Il Nest (Napoli Est ma anche nido in inglese; simbolo un gasometro) a San Giovanni a Teduccio, è stato fondato da caparbi attori, Giuseppe Miale di Mauro, Francesco di Leva, Adriano Pantaleo, Giuseppe Gaudino e Andrea Vellotti, visti nelle versioni teatrali di “Gomorra” ed “Educazione Siberiana”, che prima hanno occupato la palestra di una scuola abbandonata per poi ridargli vita. Un cancello, un cortile dove campeggia uno Spiderman di spray, apre ad una stagione che vede Massini e Iaia Forte e Binasco. A gennaio partiranno i lavori per la costruzione di una foresteria e locali per la formazione. Qui impegno fa rima con il posizionarsi, reggere l’urto in questo caos che ha un suo ordine preciso, in questa Babele spumosa che è Napoli.

In una sorta di “Rumori fuori scena”, al pubblico è visibile il dietro le quinte dove gli attori si preparano al loro ingresso sul palcoscenico, il collettivo Principio Attivo ha messo mano all’ultimo atto de “I giganti della montagna” pirandelliani.
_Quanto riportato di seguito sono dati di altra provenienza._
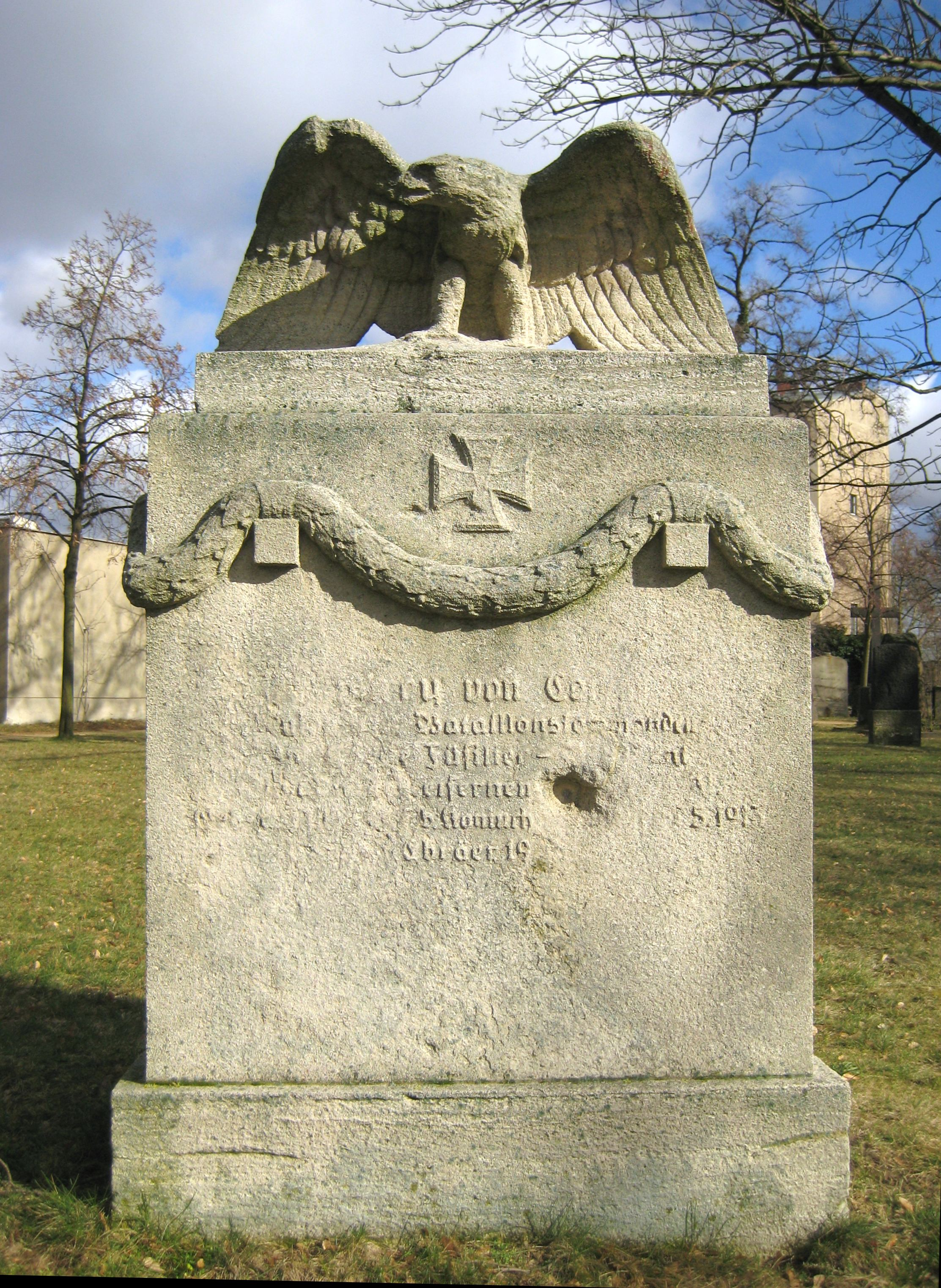 grave of WWI Major Harry von Coler, killed in action in 1915, on Invalidenfriedhof cemetery in Berlin
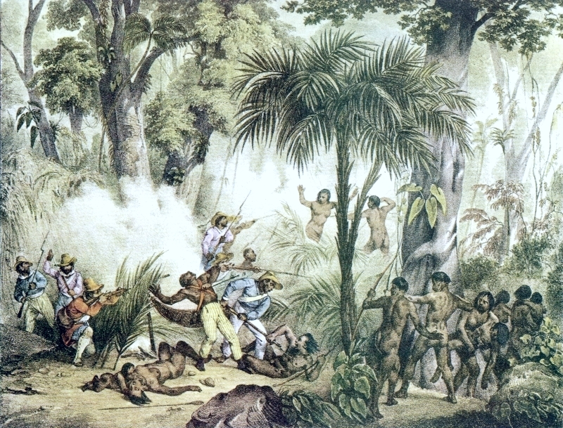 Indian guerrillas.
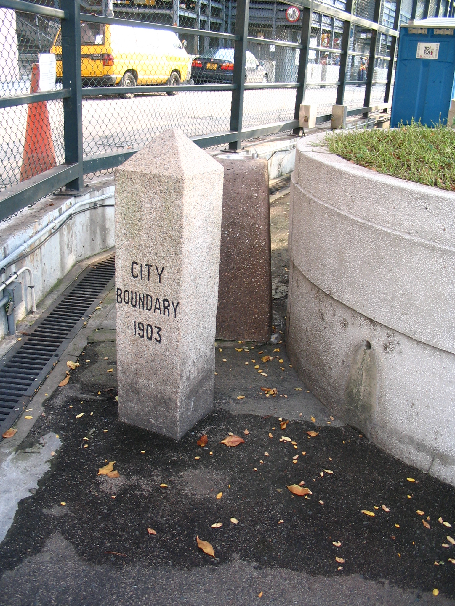 Photo of City Boundary 1903 at Kennedy Town Temporary Recreation Ground
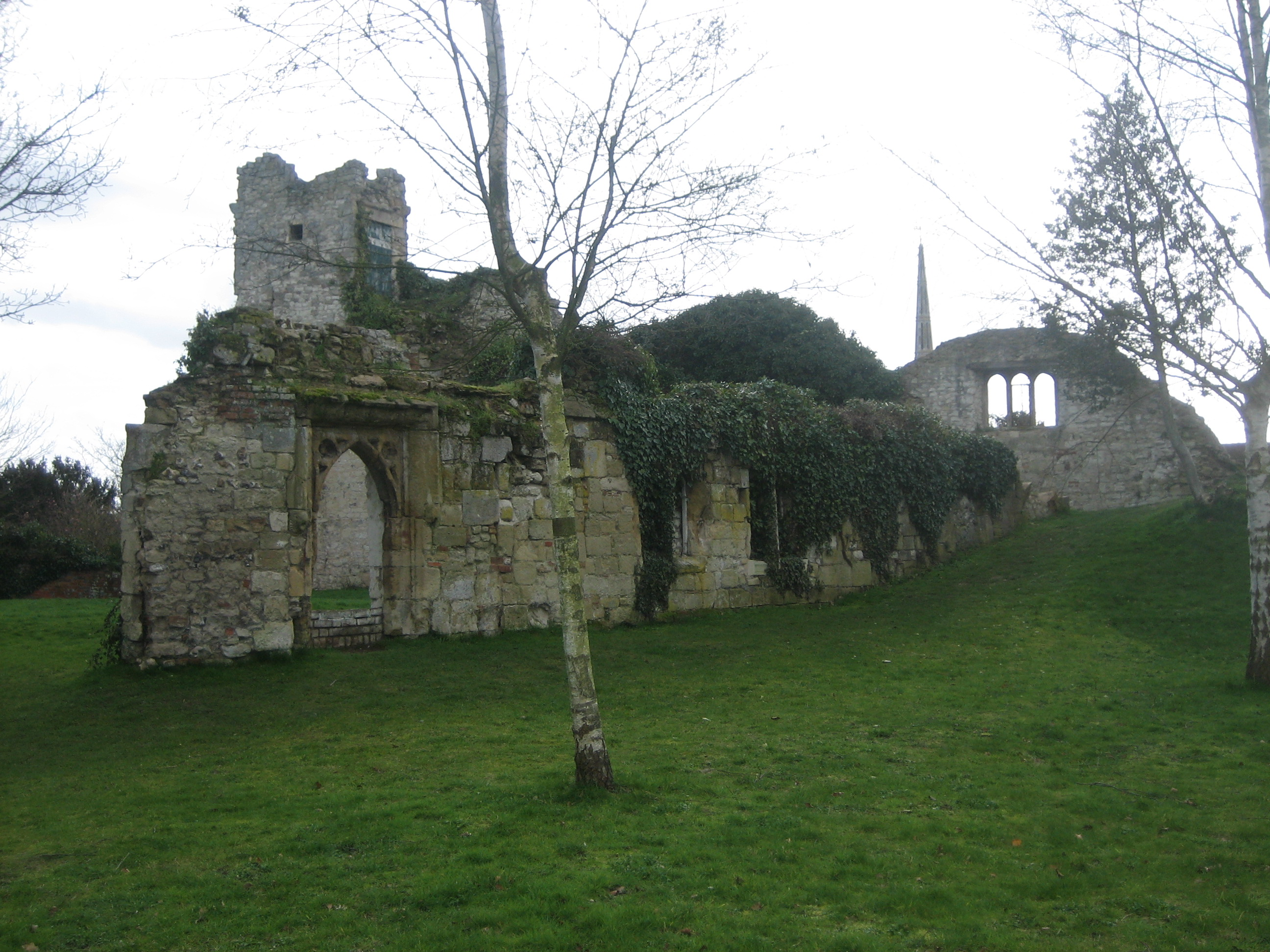 Ruin of the collegiate church of St Nicholas, Wallingford Castle, Oxfordshire (formerly Berkshire)
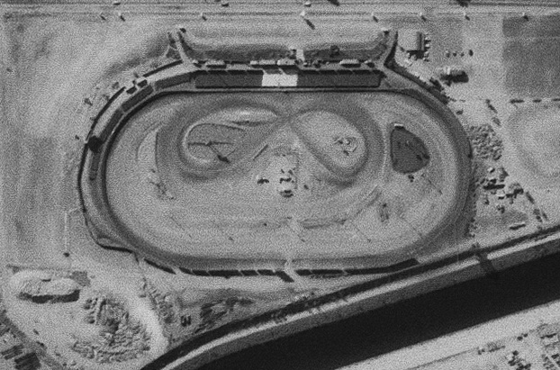 Image of Ascot Park Speedway taken in 1972. USGS Earth Explorer ID: AR1VCYY00030103
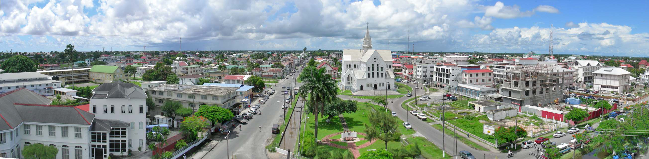 This is a panoramic view of Georgetown, Guyana looking in the direction of St. George's Cathedral. It is an Anglican church and the building is claimed to be the World's Largest Freestanding Wooden Structure.
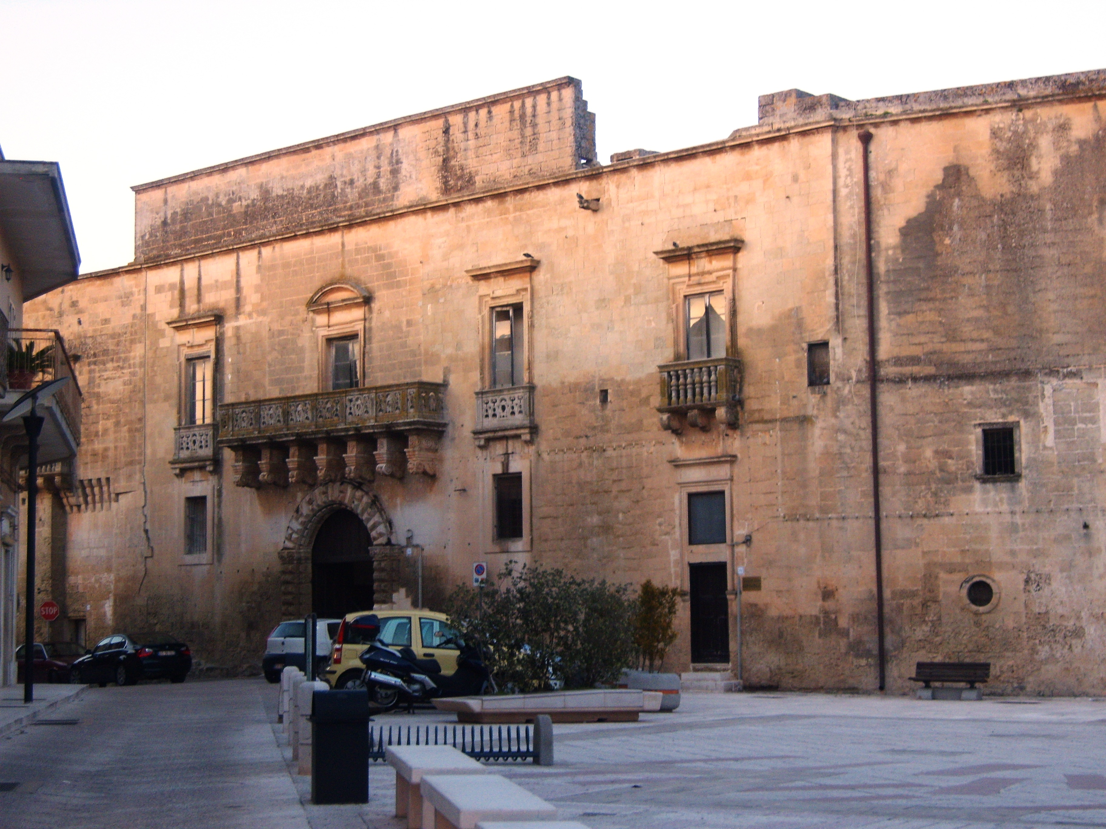 Piazza Vittoria in Caprarica di Lecce, Province of Lecce - Apulia
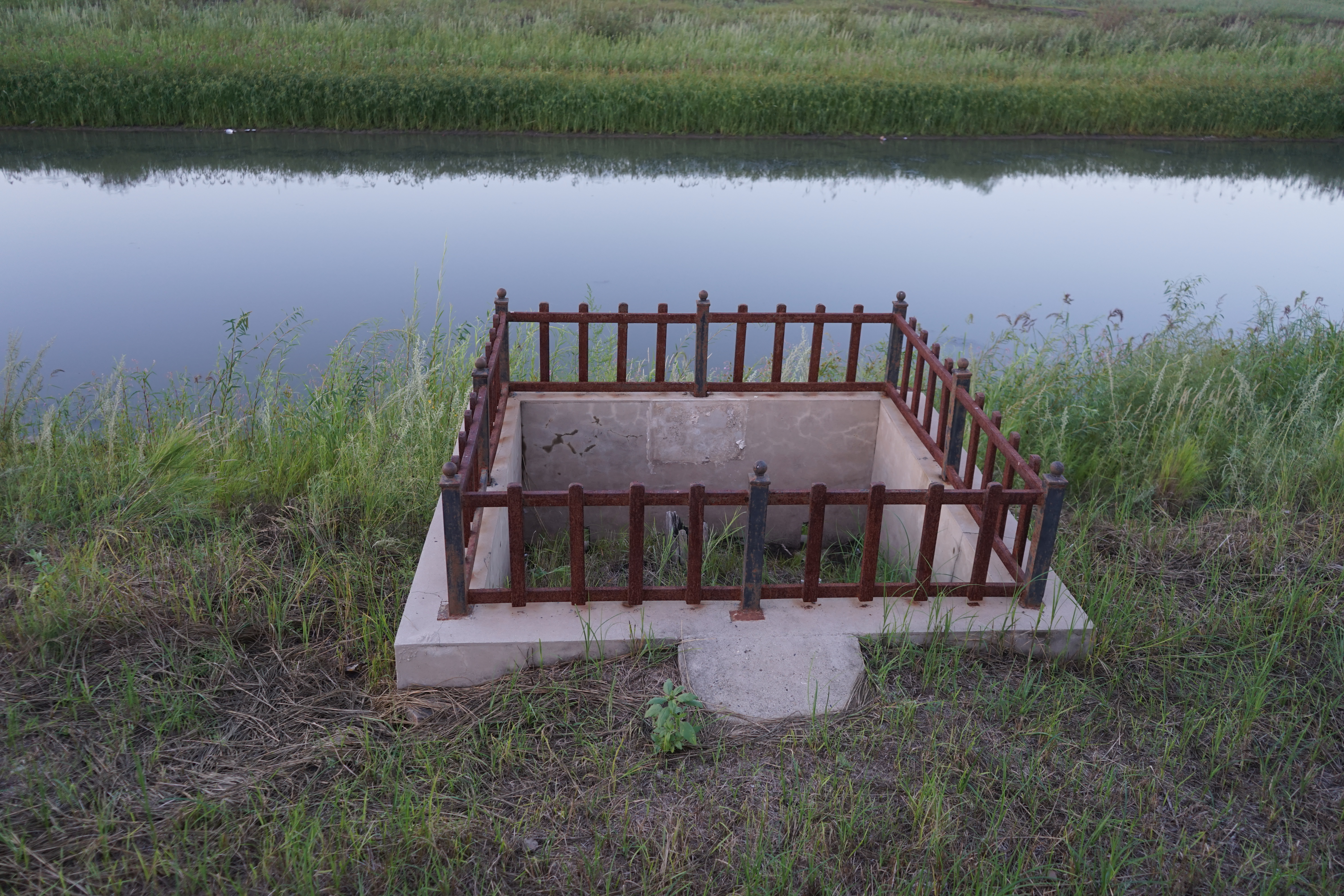 Nenjiang Harge Bridge, built in 1918 by the local government and completed in 1920. It was a wooden bridge, 767 meters long. It was rebuilt in 1925 and laid rails in 1926. In 1927 when Tao-Ang Railway Line was completed, it was put into service. In Nov. 14 1931, Jiangqiao Resistance happened here. The bridge was pulled down in 1935.
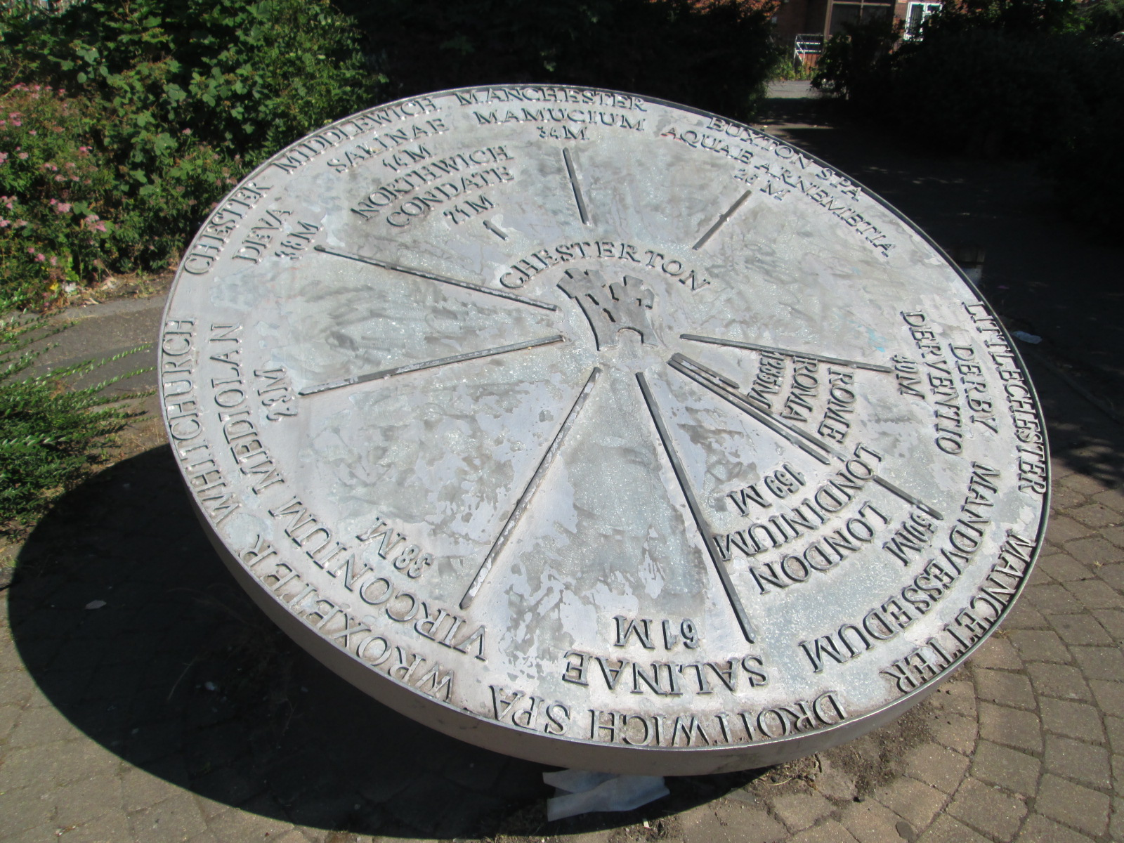 At the corner of London Road and Wolstanton Road in Chesterton, Staffordshire. Set up in 2000. The disc displays direction and mileage (in Roman miles) between Chesterton and places in England, showing names in English and Latin.
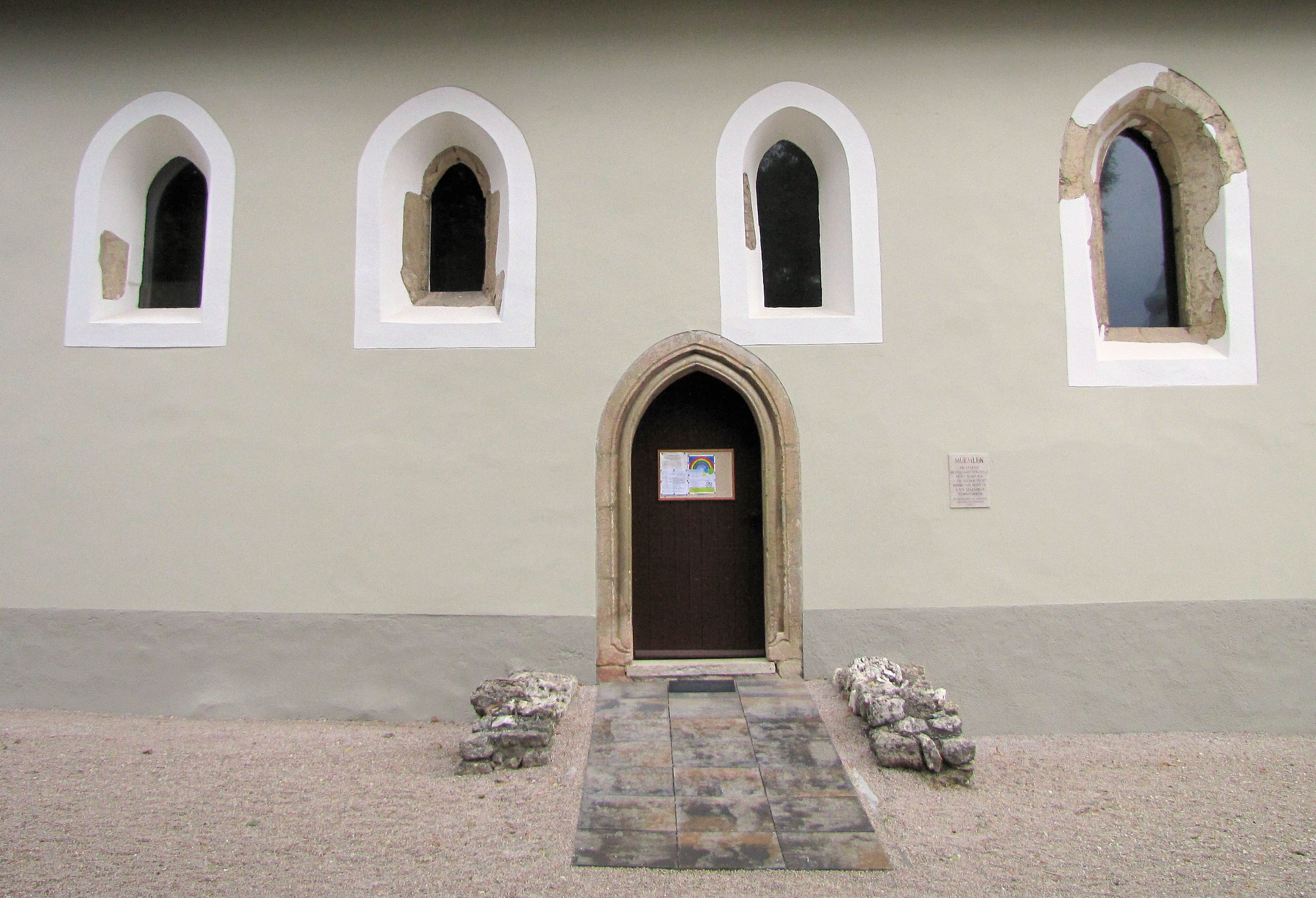 Roman Catholic Church, Fehérvárcsurgó, Hungary. Built in the 13th Century and rebuilt in the 14th, its recent tower is a Baroque construction.
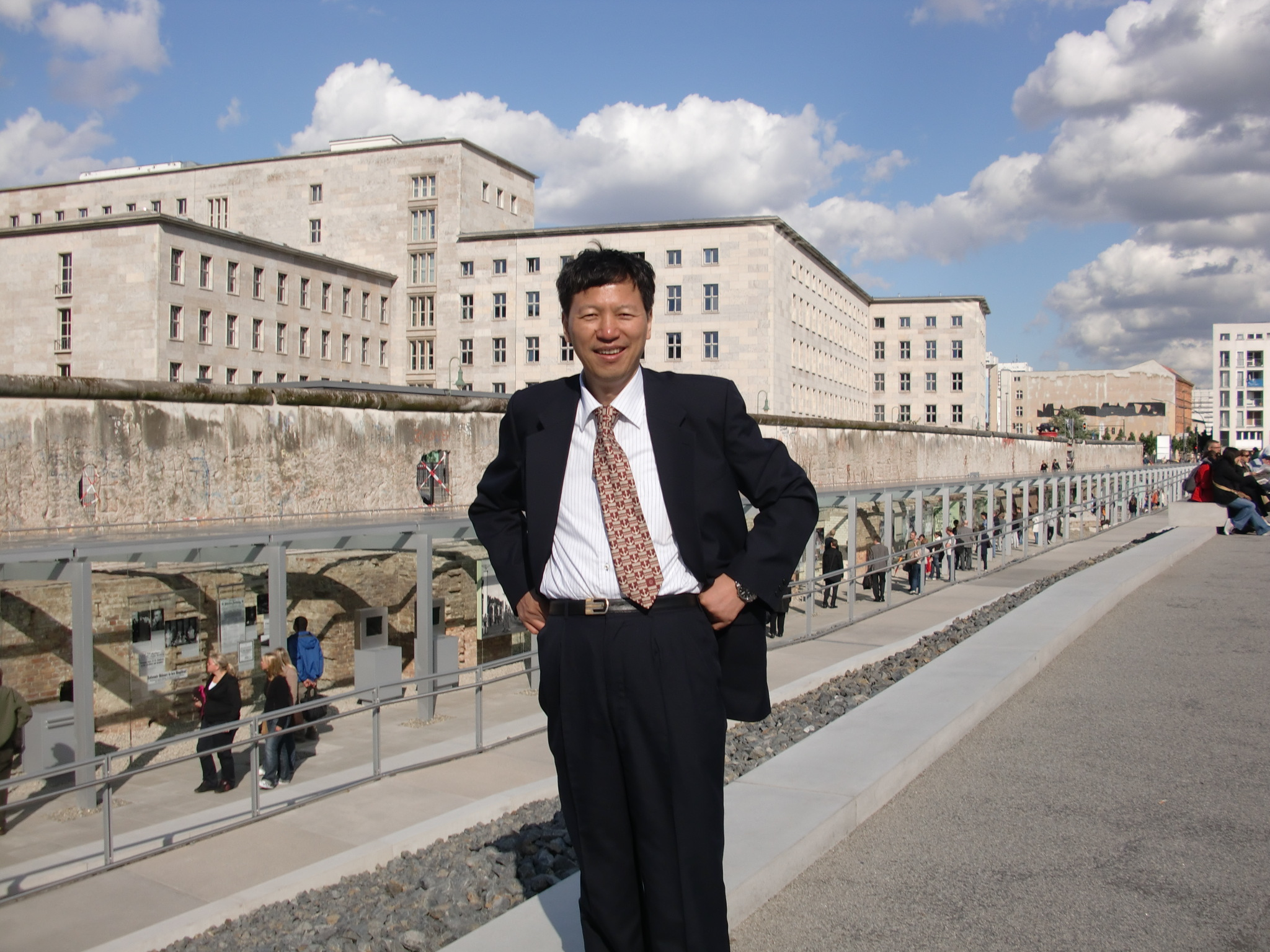 This is Professor Wu Jiandong

Niente a che vedere con le criptiche suggestioni di Roberto Latini. Una patina polverosa di vintage, sapore dei “Sei personaggi”, arie d’opera e tango, valige da deportazione e clima angoscioso di sconfitta e perdita, partenza senza ritorno, atmosfera precaria, come qualsiasi lavoro artistico, e un generale senso di ostilità intorno. Da una parte la platea del teatro presa in ostaggio, come al Dubrovka moscovita, dall’altra, oltre il fondale, un pubblico cattivo, violento, volgare, offensivo, aggressivo, urla da Colosseo e strepiti da bar, pretende il suo divertimento, mangiando e bevendo, panem et circenses. La domanda è per chi oggi gli artisti fanno teatro se la maggior parte della società non cerca la riflessione.

La compagnia, che ci ha preso in ostaggio, è ostaggio essa stessa, chiusa ripassa la parte, intimorita s’affaccia per placare con l’arte l’arena inferocita, il branco che ulula e abbaia in preda alla trance collettiva. Ogni tentativo fallisce in quest’odore di dittatura: l’attrice esperta (Carla Guido, una voce strepitosa che basta dargli corda per far vibrare teatro e anima), la sciantosa, l’uomo con il basco, quello col cilindro, quello col colbacco (l’allunato e sempre sorprendente Dario Cadei), diretti da un mixerista (spassoso Leone Bartolo, intona un inno neomelodico trash in stile Sud Sound System) teatro nel teatro, gioco svelato, finzione scoperchiata. E’ una critica al sistema teatrale, al pubblico sempre più maleducato, “bestie che pensano solo alle noccioline”. La conclusione mesta e pessimista: “Siamo sogni che nessuno sogna più”. Il teatro serve ancora? Noi una risposta ce l’abbiamo. Cercate i teatri sotto i 100 posti dove l’attore lo guardi negli occhi, è lì che nasce il teatro. Cercateli, vi troverete.